Return only the stretch of the material below that begins with the line containing "シルバーによってきれいに管理されている公園" and ends with the line containing "112: Rollo de", exactly; both of those lines belong to it.

◆ Exercise material
· · ·

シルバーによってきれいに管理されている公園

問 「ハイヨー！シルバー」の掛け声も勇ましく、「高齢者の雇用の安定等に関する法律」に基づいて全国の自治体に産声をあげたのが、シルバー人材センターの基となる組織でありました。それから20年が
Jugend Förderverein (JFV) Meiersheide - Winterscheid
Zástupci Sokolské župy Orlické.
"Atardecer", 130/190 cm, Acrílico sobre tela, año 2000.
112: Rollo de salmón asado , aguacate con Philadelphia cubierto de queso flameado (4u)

· · ·

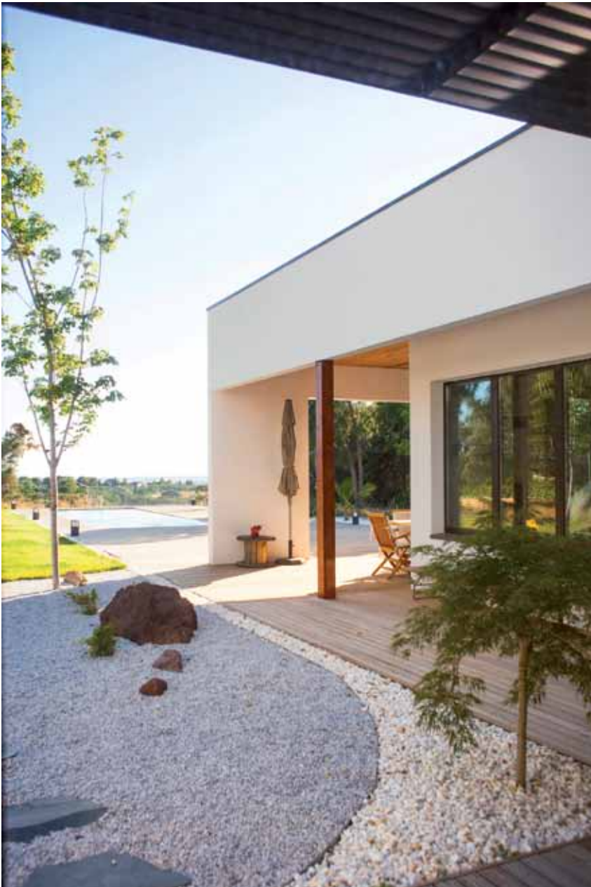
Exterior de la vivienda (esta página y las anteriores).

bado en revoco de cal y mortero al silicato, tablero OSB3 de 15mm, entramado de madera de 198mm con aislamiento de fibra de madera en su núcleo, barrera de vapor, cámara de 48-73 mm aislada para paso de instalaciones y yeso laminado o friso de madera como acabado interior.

· · ·

◆ Exercise output
シルバーによってきれいに管理されている公園

問 「ハイヨー！シルバー」の掛け声も勇ましく、「高齢者の雇用の安定等に関する法律」に基づいて全国の自治体に産声をあげたのが、シルバー人材センターの基となる組織でありました。それから20年が
Jugend Förderverein (JFV) Meiersheide - Winterscheid
Zástupci Sokolské župy Orlické.
"Atardecer", 130/190 cm, Acrílico sobre tela, año 2000.
112: Rollo de salmón asado , aguacate con Philadelphia cubierto de queso flameado (4u)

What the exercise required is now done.